_TASK ITEM:_
Down to the last line below, write out every line exactly, starting with the one that contains "Chic and versatile" and leaving out the pictures.

START DATA

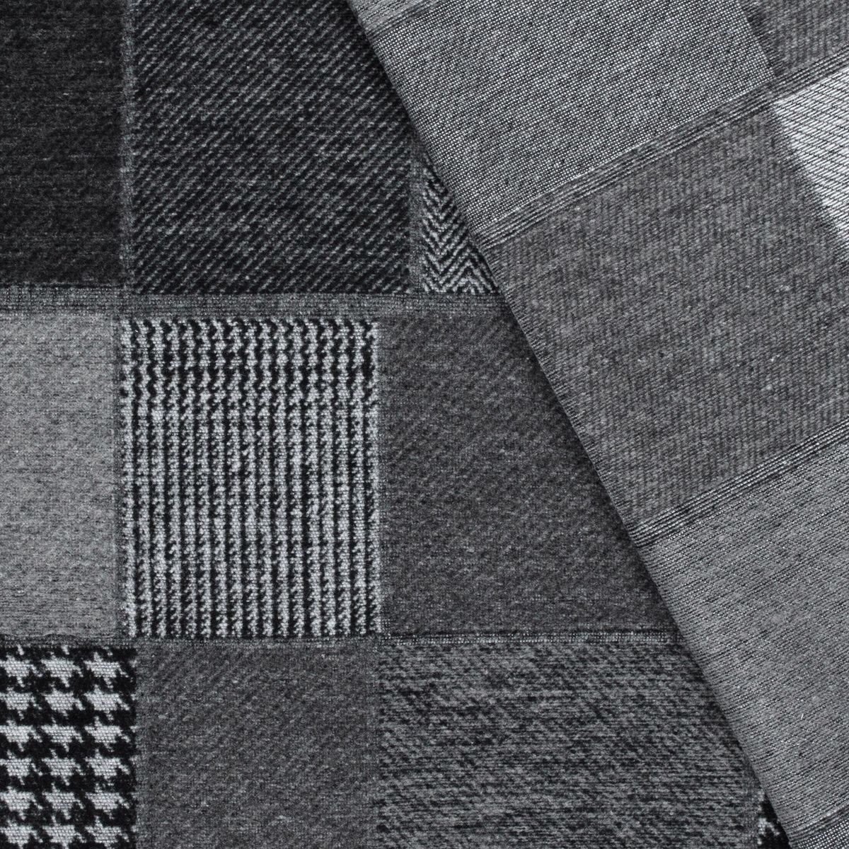 Kuscheliger Jacquard-Mantelstoff mit Patchwork-Karo in eleganten Grau-Nuancen. Die gebürstete Seite macht den Stoff extra weich und wärmend – perfekt für stylische Outerwear und cozy Home-Projekte.
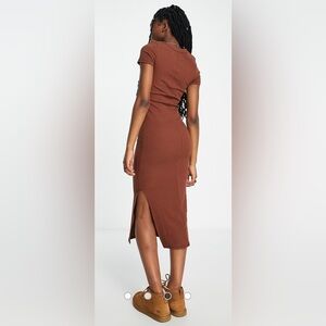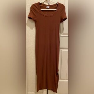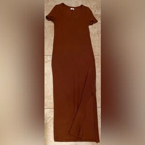 Chic and versatile Cotton On ribbed short sleeve tee MIDI Dress in color Vintage Brown (Size M). This midi dress is perfect for any season or occasion and offers good strength and versatility. Ribbed split dress in short sleeve bodycon fitted dress, with a side split. Dress it up or down, it'll work for any occasion in a beautiful Vintage Rich brown hue.
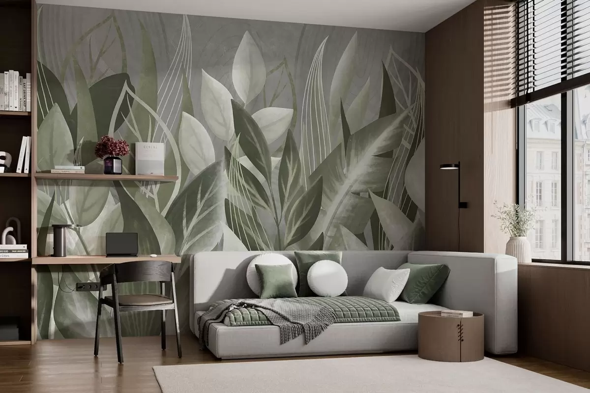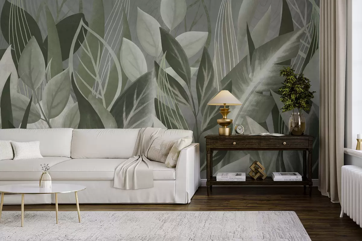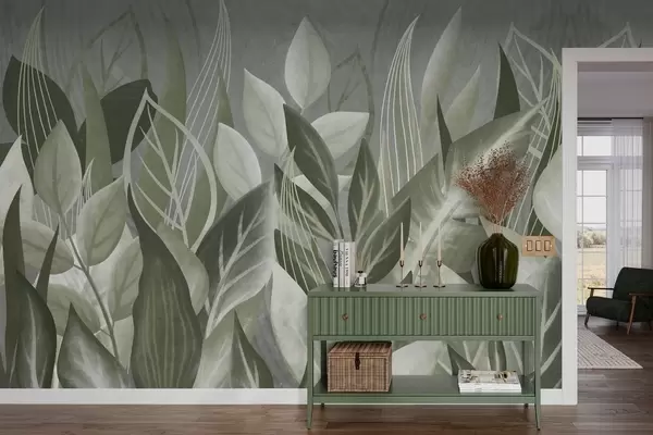 Fototapeten Abstrakte Blätter in Grau- und Grüntönen N° w05148v1
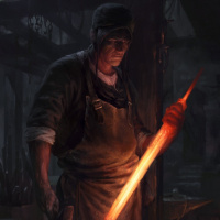 a red handle, standing in front of what looks like machinery or metalworking equipment. There is a grim or serious expression on his face, and he seems to be looking off to the side with intensity. The setting has an old-

END DATA

_OUTPUT FOR THIS EXERCISE:_
 Chic and versatile Cotton On ribbed short sleeve tee MIDI Dress in color Vintage Brown (Size M). This midi dress is perfect for any season or occasion and offers good strength and versatility. Ribbed split dress in short sleeve bodycon fitted dress, with a side split. Dress it up or down, it'll work for any occasion in a beautiful Vintage Rich brown hue.
 Fototapeten Abstrakte Blätter in Grau- und Grüntönen N° w05148v1
 a red handle, standing in front of what looks like machinery or metalworking equipment. There is a grim or serious expression on his face, and he seems to be looking off to the side with intensity. The setting has an old-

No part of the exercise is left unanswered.